The next steps for expanding this analysis would be to train the algorithm to identify, transcribe, and even understand full speech. A simple idea would be to start by identifying pauses in speech, guessing the word splits and performing an analogous supervised classification model for it.
This type analysis can start to model human speech patterns and can be used in applications from medicine to the military, from personal assistants to automated phone services.
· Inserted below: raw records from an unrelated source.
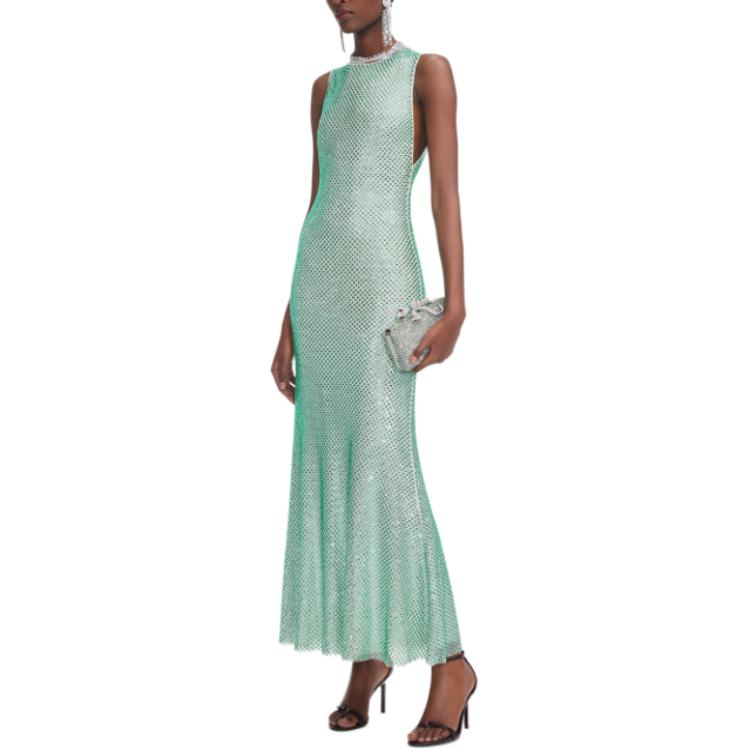 Платье с отделкой стразами для автопортрета Self-portrait, зеленый 146 664₽
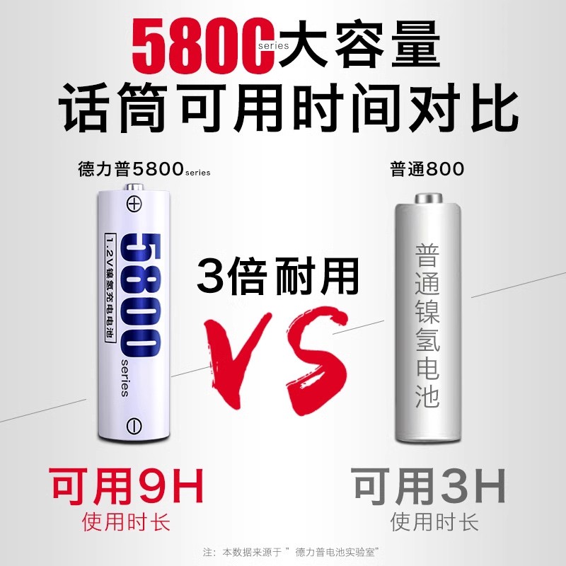 天猫德力普5号充电电池大容量KTV麦克风AAA通用可快充电器1.2V五七7号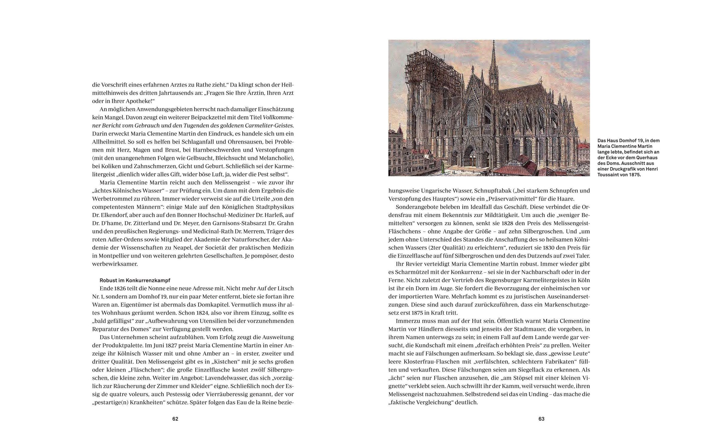 Köln im Jahr 1826: Maria Clementine Martin ist den Wirren der Napoleonischen Zeit entronnen, die sie bis zu den Schlachtfeldern von Waterloo geführt hatten. Hier findet sie Zuflucht im Haus des Domvikars. Mithilfe ihres fundierten Wissens im Bereich der Klostermedizin gründet sie eine deutsche Marke, die dank ihres unermüdlichen Einsatzes einen globalen Siegeszug antreten wird.
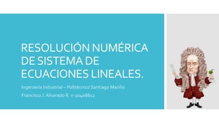 Este documento describe varios métodos para resolver sistemas de ecuaciones lineales, incluyendo el método de Gauss, el método de Gauss-Jordan, el método de descomposición LU, el método de pivoteo y el método de Jacobi. Explica que estos métodos transforman sistemas de ecuaciones en otras formas equivalentes para encontrar sus soluciones numéricamente.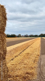 Stack of hay during harvest season at the end of summer and in the beginning of autumn outdoor at daytime in Noordwijkerhout in The Netherlands.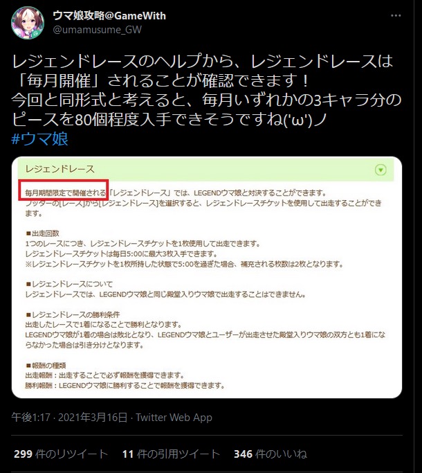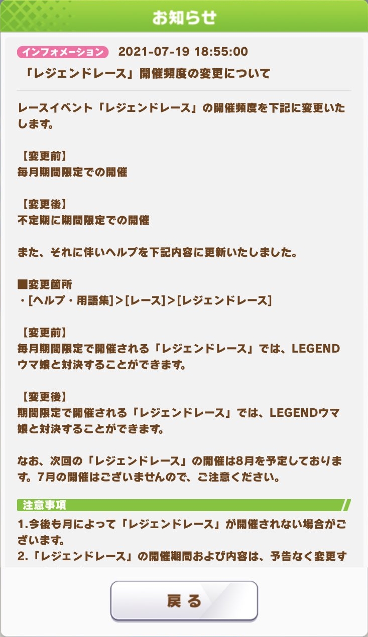 チャンミ毎月開催はさすがにきついしどっかで無くすやろwレジェンドレースで戦力アップもしたいしな

 Mel Frequency Cepstral Coefficient
They are derived by first taking the Fourier transformation of a windowed signal - in this case Hamming window. A windowed signal is obtained through a function that becomes zero-valued outside of some specific interval. The Hamming window function is then applied to create the windowed signal. Then we map the powers of the spectrum onto mel scale and take the log of those powers. Finally we perform another transformation, converting the previous result into a spectrum and taking those amplitudes as our MFCCs. The sampling rate served as one of the parameters for calculating the MFCCs. Note that this entire procedure typically needs to be performed by the data scientist, but this data was preprocessed by UCI.